“Respect your elders,” my mother would say whenever we’d get in a hassle over some issue where we didn’t agree. A non-capitulating roll of my eyes would eventually end our discussion.
In spite my mother’s plea, the respect for elders here on Turtle Island declined rapidly beginning with my generation, the “ME” generation, and has continued unabated to this very day. This is not by accident. It has been brought about by way of calculated social engineering by the captains of our mercantile system via the educational structure and the propaganda media. The young have money and the system wants it.
Youth worship is now the norm. The shift occurred to take advantage of the young’s lack of experience, the ease at which they can be manipulated and influenced, and how easy it is to get them to follow trivialities such as fashion, pop culture and disinformational idealism. I know. I’ve been there, done that.
That is why respect for elders should be reinstated. That’s not to say that older generations have all the answers, that the young should simply accept the ideas of the old. Elders simply have perspective, the perspective of having lived a long time and seen many things. One needs to listen and consider and not just dismiss this knowledge out-of-hand.
Topsoil is one such elder, an elder few people have any respect for.

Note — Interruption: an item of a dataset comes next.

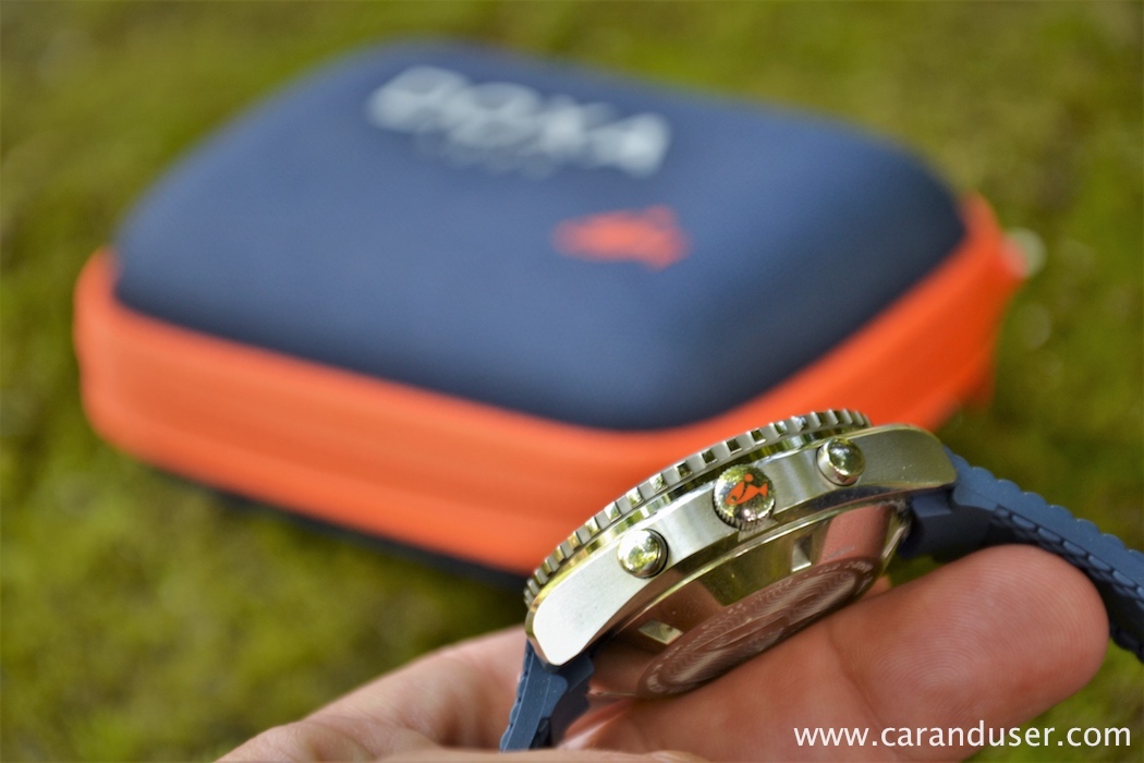Potapljaško uro poganja predelan velikoserijski avtomatski mehanizem, ki se pohvali s solidno 56-urno zalogo energije navitja, kar povsem zadostuje, če za kakšen dan na dopustu snamemo uro z zapestja in jo postavimo v priročno šatuljo, s katero je uro dostavljena.

We do not listen to its wisdom, nor respect its long history. This is far more than a shame. Our very existence depends on healthy soil and the amazing diversity of life it contains. The ancients knew this. The name of our planet is homage to soil. Earth.
A few billion years ago, it was planet Ocean. There was no earth. The exposed parts above the waterline contained no life whatsoever. Life existed only in the seas.
While the primeval oceans were teeming with life including jawless fish, arthropods, squid relatives, jellyfish and more, the land was barren and void.
Approximately 440 million years ago, at the end of the Ordovician and Silurian mass extinction event, when our planet was completely frozen from pole to pole, this began to change.
For 3 billion years our planet's surface had eroded. Rains cut gullies, glaciers ground rock to dust. There was dirt, but there was no life.
Miraculously, algae formed a symbiotic relationship with a fungus and formed a new organism, the lichen. This new organism could handle the intense light and dryness, intense cold and heat of land above the sea, could use the sun's energy via photosynthesis and produce chemicals that dissolved the rock upon which it fed. No form of life is tougher than a lichen.
The European Space Agency discovered that lichen can survive unprotected in space. Two species of lichen were sealed in a capsule and launched on a Russian Soyuz rocket. Once in orbit the capsules were opened. Two species of lichen were exposed to the vacuum of space, to cosmic radiation and huge swings of temperature. After 15 days the lichens were retrieved and were found to be in full health: no damage was found.
Wikipedia
But lichens are not immortal and when they died new opportunity arose. Decay organisms could now colonize the land. The seeds of soil were sown.
There are more living organisms in a teaspoon of soil than there are human beings on Earth
Healthy soil is a living, breathing organic collective of competing and cooperating flora and fauna; of fungi and bacteria, protozoans and annelids. Soil creates the perfect environment for rooted plants. The activity and residues of living soil residents break down dead material to provide nutrients for higher order plants that are in turn consumed by higher order animals; all of which eventually return to the soil and enrich it.
Scientists estimate that it takes between 500 and 1000 years to generate 3 centimeters (1.2 inches) of topsoil from solid rock.
This is a very slow process. We humans do not respect it. According to the World Wildlife Federation, due to deforestation, cattle grazing and industrial farming, fully half of all the topsoil on Earth has been washed away. Think about that. It took 440 million years to form and half of it has disappeared in 150 years!
As the topsoil erodes into the rivers of the world, dead zones, devoid of oxygen form in the oceans at the river mouths. Some of these lifeless zones are many thousands of square kilometers in size. Some alarmists maintain that by 2075 all of Earth's topsoil will be gone.
According to William H. Koetke in his book, The Final Empire all civilizations collapse by destroying their environment.
This news is not new and it's doubtful that the psychopaths in charge will change their evil ways before tragedy strikes. If some of us are to survive, we, as sovereign individuals have to learn to respect the earth after which our planet is named, respect and listen to our elder, soil, and learn from her the process of how to grow our own fertile land, to create islands of fertility in a world that may become barren.
We can do this. It's a time-honored tradition. It is dancing with Nature. Soil is wise and she is our mother and sustainer. Listen to her.
And the LORD God formed man of the dust of the ground, and breathed into his nostrils the breath of life; and man became a living soul.
Genesis 2:7
Ashes to Ashes, Dust to Dust
Funeral service in the Book of Common Prayer
From the soil we arise and to the soil we shall return. In the meantime let's regain a respect for our elders.